Beefy Boxes and Bandwidth Generously Provided by pair Networks
No such thing as a small change
 
PerlMonks  

Last N lines from file (tail)

by clintp (Curate)
on Dec 18, 2001 at 22:49 UTC ( [id://132906]=CUFP: print w/replies, xml ) Need Help??

This subroutine takes a file name and a line count (N) and will return an open filehandle with its read pointer set to N lines before the end of the file. This differs from implementations (like that in PPT) because the entire file is not read -- it reads backwards from the end. It's a quickie so there's no buffering as in GNU's tail(1), but that can easily be remedied. Sample usage:
my $g=lastn("/usr/dict/words", 400); print while(<$g>);
It was coded to grab the last few bits of a gigantic logfile we use here and may not be suitable for your needs.

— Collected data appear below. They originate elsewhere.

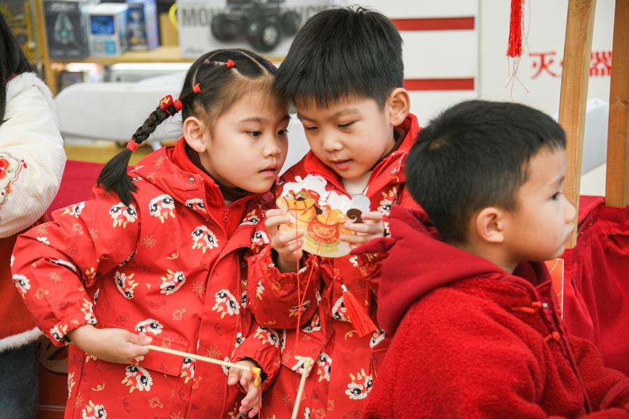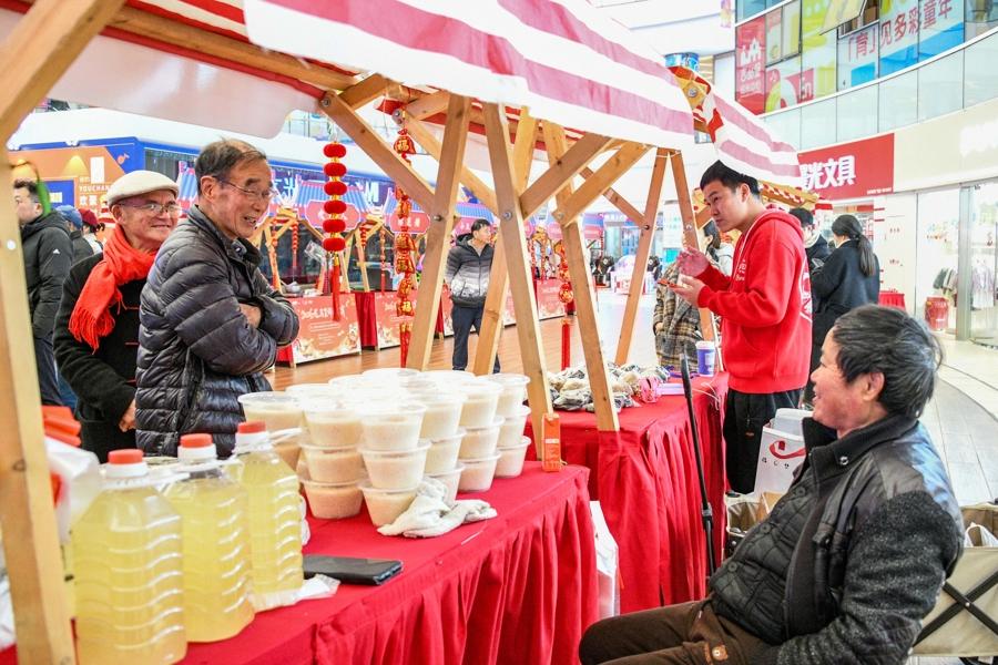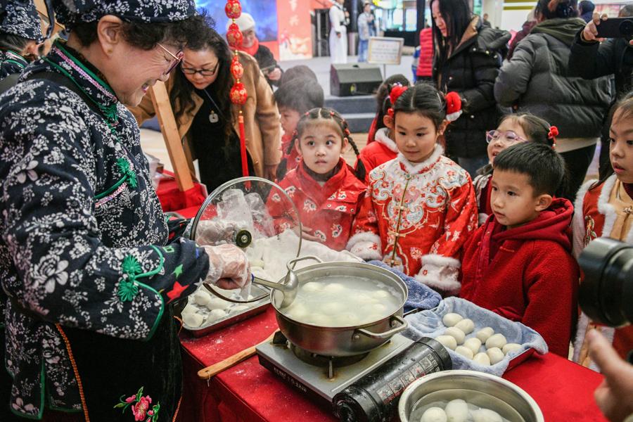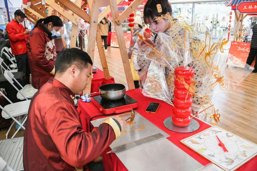 主活動區的快閃舞龍贏得滿堂彩。三林的賢姑巧姨們和鎮裏身着鮮豔服飾的少數民族同胞共包湯圓。一碗碗湯圓、一盒盒塌餅串起了三林人鄰里相望的淳樸情誼。扎花燈也是元宵節的習俗之一,親友相偕而來,民間藝人現場展示花燈的製作,教年輕人和孩子們製作兔子花燈。糖畫、吹糖人、棉花糖等各色非遺項目攤位也被一併“端”出來參與互動展示,這些非遺項目涉及喫穿住用,跨越百年傳承,在現代生活中仍保持着旺盛的生命力。
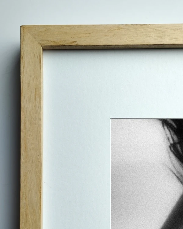 La foto esta enmarcada con marco en L recto mas 10 cm de passepartout por lado, podes elegir 3 medidas diferentes de impresion.
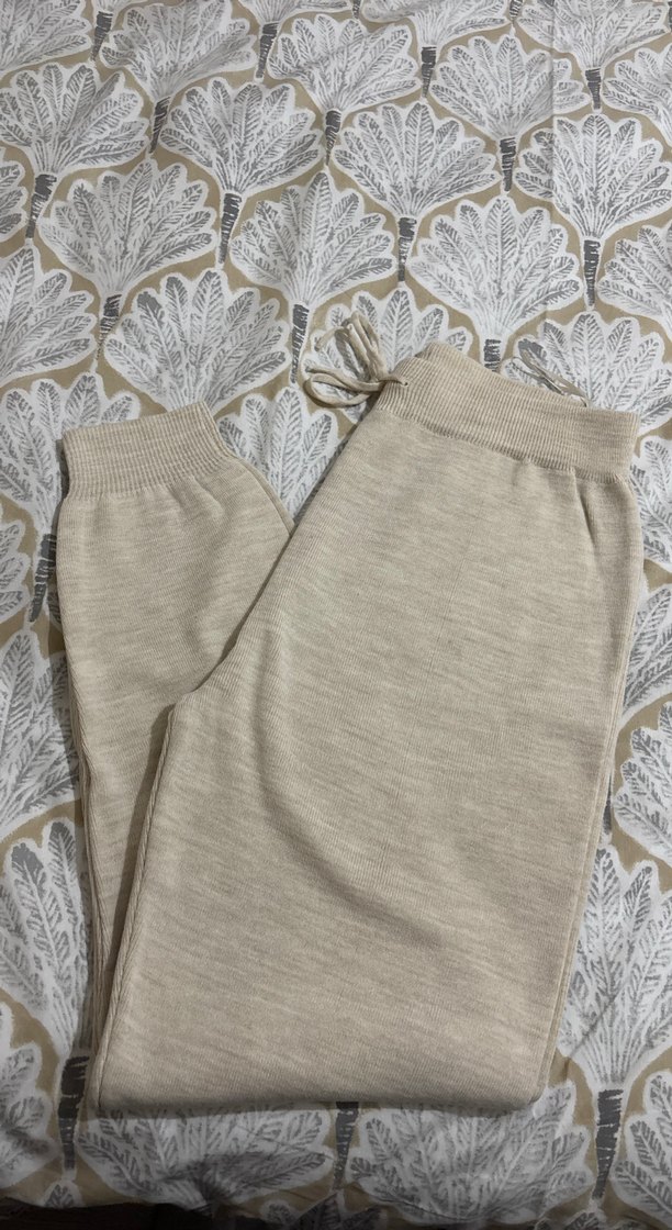 Bej renkli, örgü kumaştan, kadın eşofman. Rahat ve günlük kullanıma uygundur.
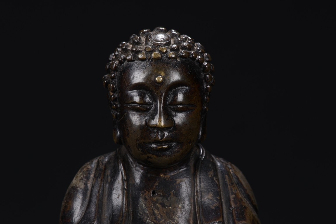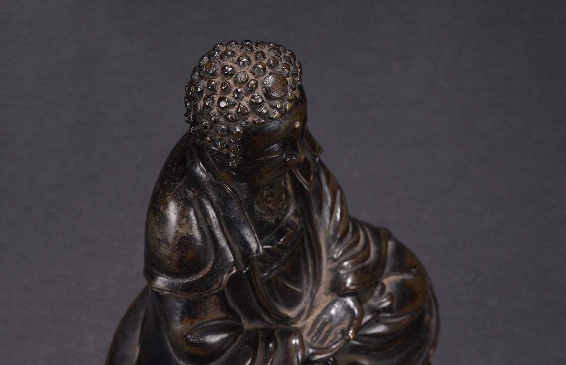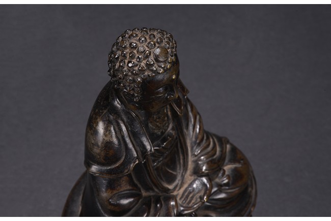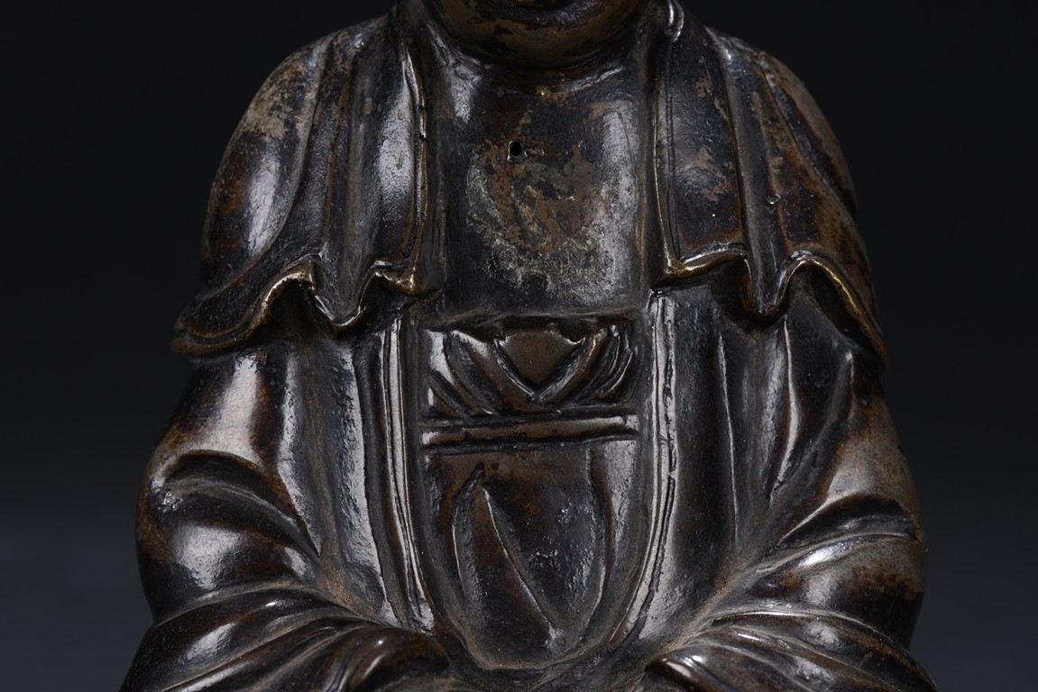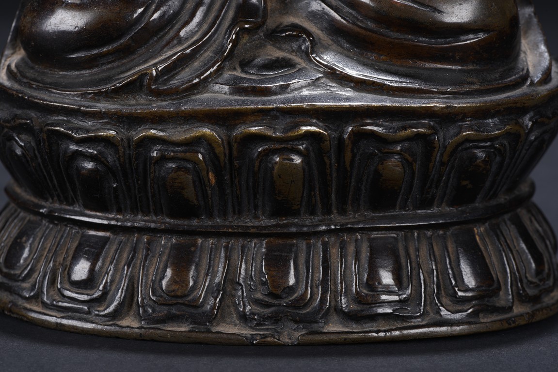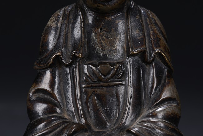 Seated in dhyanasana on a double-lotus base with incised edge, the hands in dhyanamudra, clad in a flowing sanghati with beaded and incised hems draped over both shoulders, face with serene expression. Qing Dynasty period.
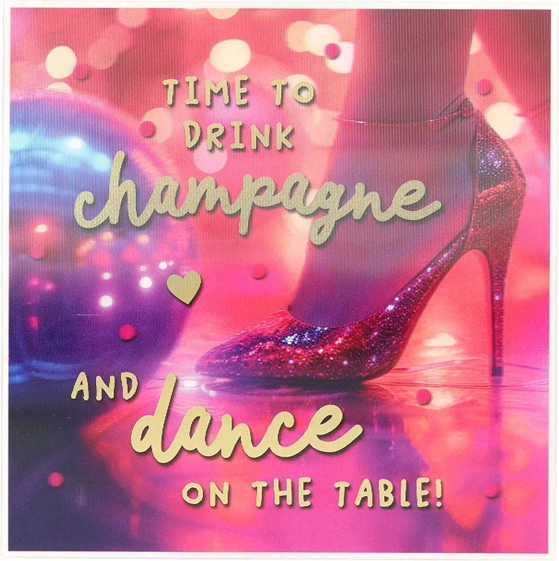 Bereits das Cover zieht alle Blicke auf sich. Ein funkelnder High Heel in intensiven Pink- und Violetttönen steht im Mittelpunkt. Umgeben von schimmernden Lichtern, glänzenden Kugeln und einer glamourösen Party-Atmosphäre wirkt das Motiv lebendig und aufregend. Der Schriftzug „Time to drink champagne and dance on the table!“ vermittelt sofort die Botschaft: Heute wird gefeiert – und zwar richtig.

Enjoy.
sub lastn { my($file, $lines)=@_; my $fh; $lines++; if (! open($fh, $file) ) { print "Can't open $file: $!<P/>"; return; } binmode($fh); sysseek($fh, 0, 2); # Seek to end my $nlcount=0; while($nlcount<$lines) { last unless sysseek($fh, -1, 1); sysread($fh, $_, 1, 0) || die; $nlcount++ if ( $_ eq "\n"); last if $nlcount==$lines; last unless (sysseek($fh, -1, 1)); } seek($fh, sysseek($fh, 0, 1), 0) || warn; $fh; }

Replies are listed 'Best First'.
EEK! sysread() is expensive!
by chip (Curate) on Dec 19, 2001 at 12:50 UTC
    I'm horrified to see so many calls to sysread(). The whole point of sysread() is to bypass buffering and go to the OS. And system calls are slow -- slow enough to notice when you're making hundreds and hundreds of them.

    In other words: DON'T DO THAT.

        -- Chip Salzenberg, Free-Floating Agent of Chaos

      I'm just wondering if your reply relates to my answer also. I changed the sysread and sysseek calls to plain read and seek (and removed that last seek), and benchmarked my old and new versions, and got a huge performance hit (~3 cycles/sec with sys* calls, ~1100 cps w/o sys).
      Update: And I checked clintp's answer with & w/o sys* calls, and it was ~5 cps with and ~4 w/o. This was all reading the last 400 lines from a 1000 line file, 10 bytes/line.
        Well, sure, because a plain read() would have used stdio, which probably translated to the equivalant of sysread(4096) at least. If you're doing N reads of one byte, then change that to N reads of 4096 bytes, of course you'll have a slowdown ... and a wasteful one, since every time you read a block you use only one byte.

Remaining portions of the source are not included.